Hörsturz



Wichtiger Hinweis: Ein Hörsturz ist kein Notfall, sondern wird als Eilfall eingestuft.

Das bedeutet, dass Sie sich bei jedem Verdacht auf eine plötzliche einseitige oder beidseitige Hörminderung möglichst innerhalb von 3 Tagen bei einem HNO-Facharzt Ihres Vertrauens vorstellen sollten.
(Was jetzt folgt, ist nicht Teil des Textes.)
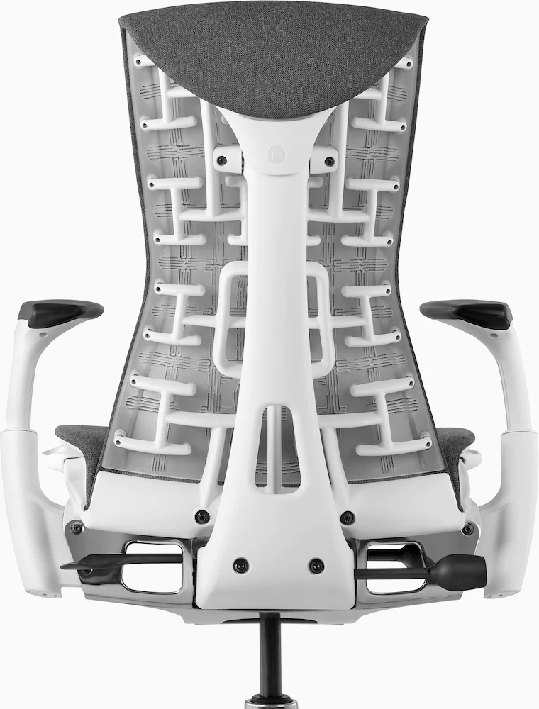 The edge of the seat is flexible, taking pressure off of your thighs. The backing of the chair, a real attention grabber with it’s beautiful and intricate design, is able to bend and lean with you, no matter what angle you’re sitting at. Most chairs either go backward or forward; the Embody Chair can go backward and forward at the same time, not to mention sideways and torqued positions. It’s meant to keep your back comfy, and users who sit in the Embody Chair for long periods of time report increased mood and productivity, as well as never having to get up to stretch their legs or move around to get their circulation going.

Die Ursachen des Hörsturzes gelten bis heute wissenschaftlich als nicht gesichert. Dennoch sollte eine gründliche Diagnostik mit dem Ziel erfolgen, bisher persönlich unbekannte bzw. in anderem Zusammenhang bekannte Gesundheitsstörungen oder Erkrankungen zu ermitteln, die kontinuierlich oder in Schüben das Gehör zerstören. Dazu erfolgen bei uns:

  • Anamnestisches Erstgespräch
  • Umfangreiche Gehördiagnostik
  • Objektive Hörtestverfahren
  • gründliche Laborchemische Untersuchungen

  • Therapiebegleitende Verlaufskontrollen
  • Übergabe einer ausführlichen schriftlichen Information über den Typ Ihres Hörsturzes, seinen Therapiemöglichkeiten gemäß standardisierter Behandlungsverfahren.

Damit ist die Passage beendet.